Easy Coconut Ladoo / Coconut Sugar Balls / Nariyal Ladoo
Scrape the coconut with the help of coconut grater. The freshly grated coconut has its own rich taste and flavor, which you won't find in the canned or packed one, sometimes enhanced by the artificial sweetener too.
Boil the milk in a heavy bottom pan and add the grated coconut slowly in to the pan .
When the coconut absorbs much of the milk, add the sugar and cardamoms. The amount of sugar needed also depends upon the sweetness of the coconut, so always check the coconut, before adding the sugar.
Stir on a low heat, till they starts collecting and forms a lump. This process alone will take around 30 minutes on low medium flame and need constant monitoring and stirring in between.
The coconut will be ready to form laddos when a small amount of coconut hold tightly in between your fingers can hold shape. If it is not ready, then continue the process few more minutes.
Cool slightly, say for 5-10 minutes and then starts making the ladoos or balls.
Store it in an air tight container and use as required.
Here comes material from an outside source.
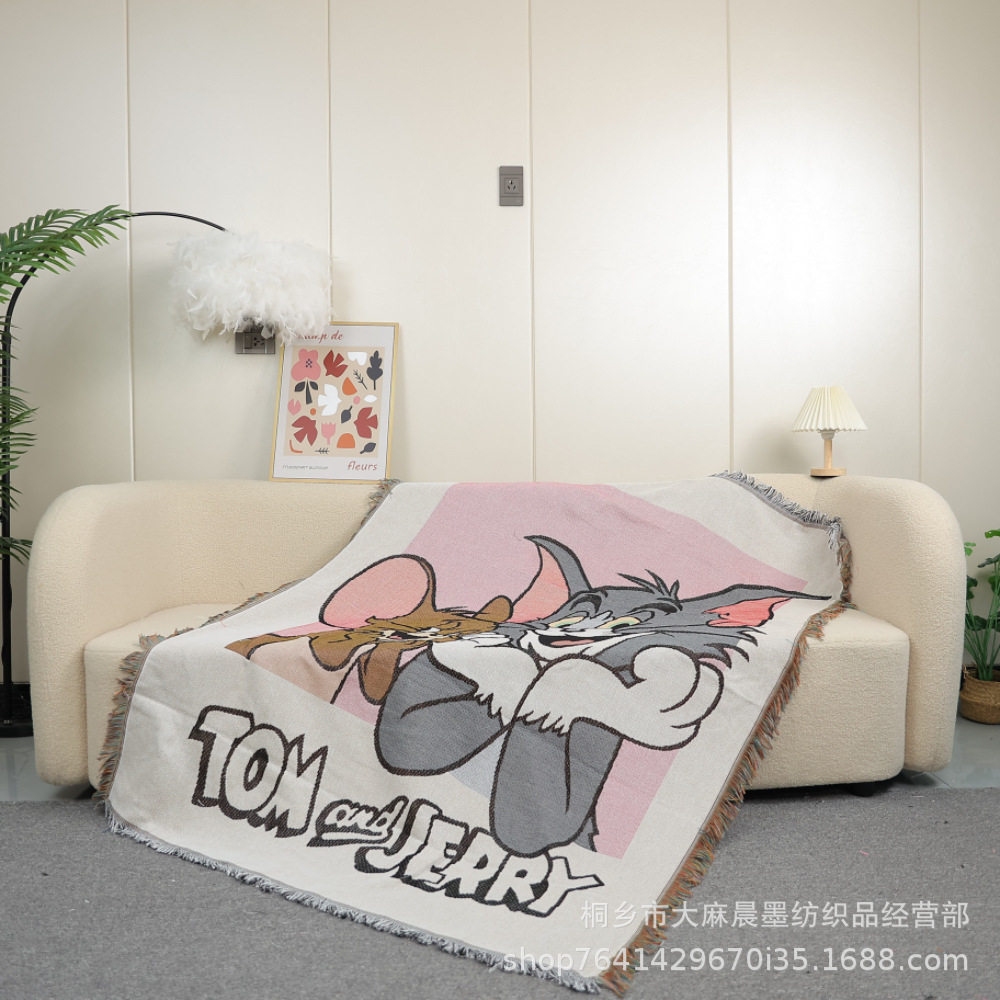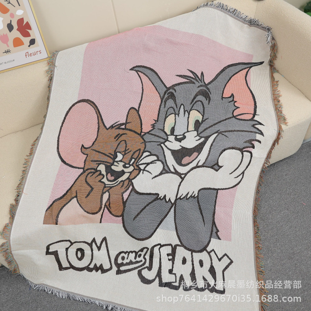 Cartoon Cat and Mouse Blanket Multifunctional Sofa Cover Towel Camping Blanket Trunk Decorative Blanket Cover Blanket
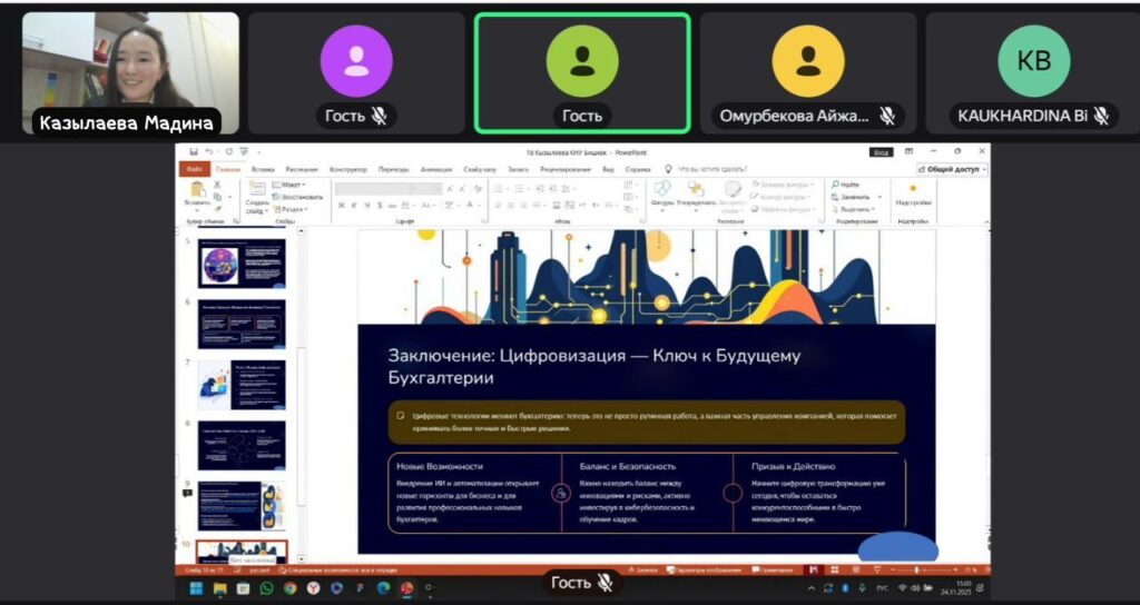 - Студентка 4 курса кафедры БУАиА Кызылаева Мадина с докладом на тему «Цифровизация бухгалтерского учета: преимущества, риски и перспективы» (науч. рук. – к.э.н. доцент кафедры БУАиА Бятова Каухар-Дина Викторовна).

1) I recommend only freshly grated coconut for this recipe. Desiccated coconuts or dry coconuts will not give rich and moist taste. Use of milk is essential as it makes ladoos soft, moist and rich in taste.
2) Using edible camphor is optional. But these coconut laddos in my home, the way my mom and grandma used to prepare always have that distinct and unmistakable flavour of edible camphor.
3) Instead of sugar you can use condensed milk for more richer taste.